One route toward cultivating plurality would be to gain some familiarity with the languages mentioned above. In South Asia, genuine illiteracy comes about when one is unfamiliar with the languages that are spoken around oneself. Thus it is incumbent on us that we at the very least understand these other languages. We may not be able to fluently express ourselves in these other languages, but if everyone is familiar with the other’s language, we would have made a move towards understanding each other. Can we therefore contemplate a situation where people speak in the language of their choice, are understood by their audience, who then respond in diverse and multiple languages? Can we contemplate a situation where in a public discussion A speaks in Marathi, B responds in Konkani and the whole discussion is moderated by C in English? This is not an unfathomable situation since this is a reality of life, in Goa at least. To allow for such a situation would be to allow the possibility for a richer discussion in our public sphere.

If there is a challenge to this situation coming into being, then it is the intolerant ideology that discussions must happen in one language alone, and to speak in the language other than the one dominating the discussion is shameful.
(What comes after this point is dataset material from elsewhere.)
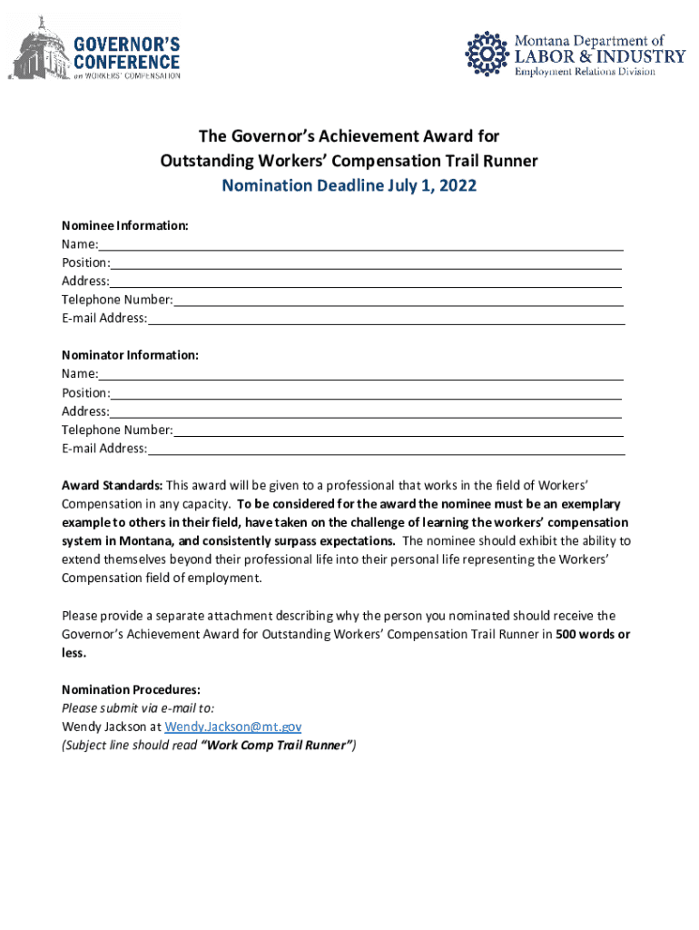 The Governors Achievement Award for Outstanding Workers Compensation Trail Runner Nomination Deadline July 1, 2022, Nominee Information: Name:___ Position:___ Address:___ Telephone Number:___ Email

To be fair, this shame is felt largely by those speaking a language other than English. There is without doubt a certain arrogance that the English speaker brings to the public sphere. However, most of the time the complaints that discussions are conducted primarily in English are made by those familiar with English, and speaking in English. The burden of creating this polyphonic public sphere therefore falls first on those Konkani activists capable of articulating in Konkani. To them the advice would be, speak in Konkani even if the debate is being conducted in English. While there is no obligation to speak in Konkani, there should be an obligation to at least understand Konkani, Marathi and Hindustani. Once the stalwarts of the Konkani language movement make this move to make public discussions in Konkani, one assumes that the common man, that these stalwarts are so concerned about, will themselves begin to speak and debate in their tongue of choice, regardless of whether the debate is in English or not.

It seems to me though, that the problem lies with these stalwarts, who need to display, in English language dominated settings that they are capable of speaking in English as well. In such a case, what are we to do?